WHAT TO DO:
Word for word, restate the lines of the listing below from the line with "Mobile da bagno" through the line with "The line's rounded", and do not include the pictures.

RECORDED INFORMATION:
______________________________

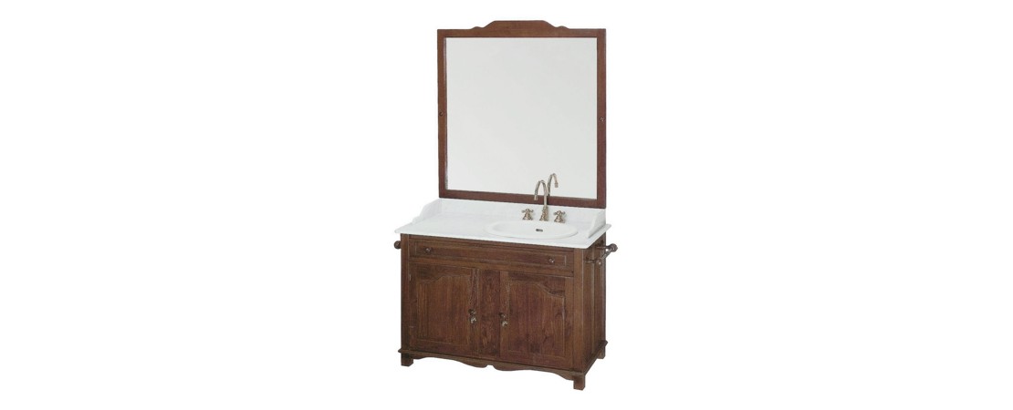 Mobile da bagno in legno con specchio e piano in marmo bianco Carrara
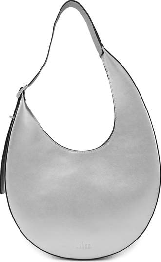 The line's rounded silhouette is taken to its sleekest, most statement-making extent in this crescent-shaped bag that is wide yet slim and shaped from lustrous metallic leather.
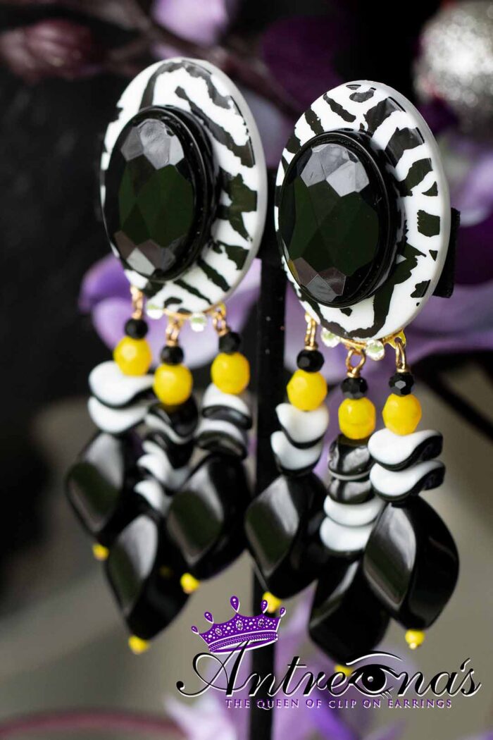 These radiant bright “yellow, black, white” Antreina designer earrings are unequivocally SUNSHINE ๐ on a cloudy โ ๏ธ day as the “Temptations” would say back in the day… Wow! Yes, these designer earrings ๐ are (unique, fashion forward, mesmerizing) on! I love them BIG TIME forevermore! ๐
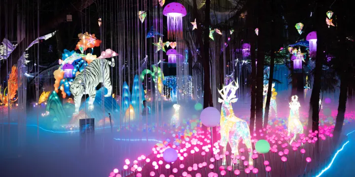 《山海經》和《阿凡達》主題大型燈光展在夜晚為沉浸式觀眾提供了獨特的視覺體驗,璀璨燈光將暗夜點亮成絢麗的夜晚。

______________________________

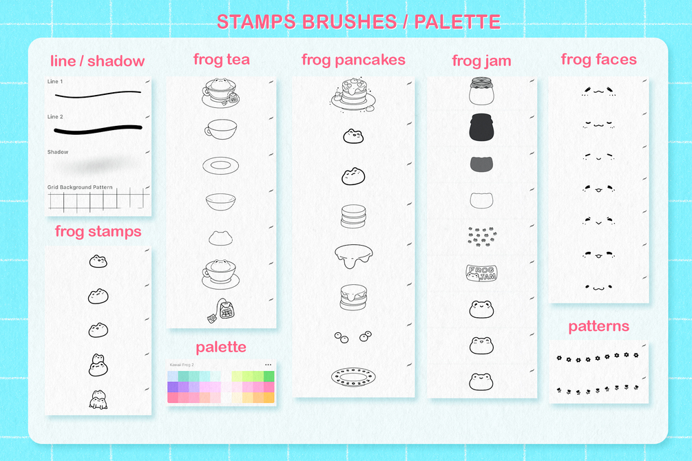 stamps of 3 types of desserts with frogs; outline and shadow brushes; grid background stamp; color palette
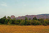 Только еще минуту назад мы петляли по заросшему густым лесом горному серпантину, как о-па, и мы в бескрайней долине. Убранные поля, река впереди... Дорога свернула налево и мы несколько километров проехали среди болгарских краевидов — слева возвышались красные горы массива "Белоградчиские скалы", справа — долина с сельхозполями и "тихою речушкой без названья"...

______________________________

EXERCISE SOLUTION:
 Mobile da bagno in legno con specchio e piano in marmo bianco Carrara
 The line's rounded silhouette is taken to its sleekest, most statement-making extent in this crescent-shaped bag that is wide yet slim and shaped from lustrous metallic leather.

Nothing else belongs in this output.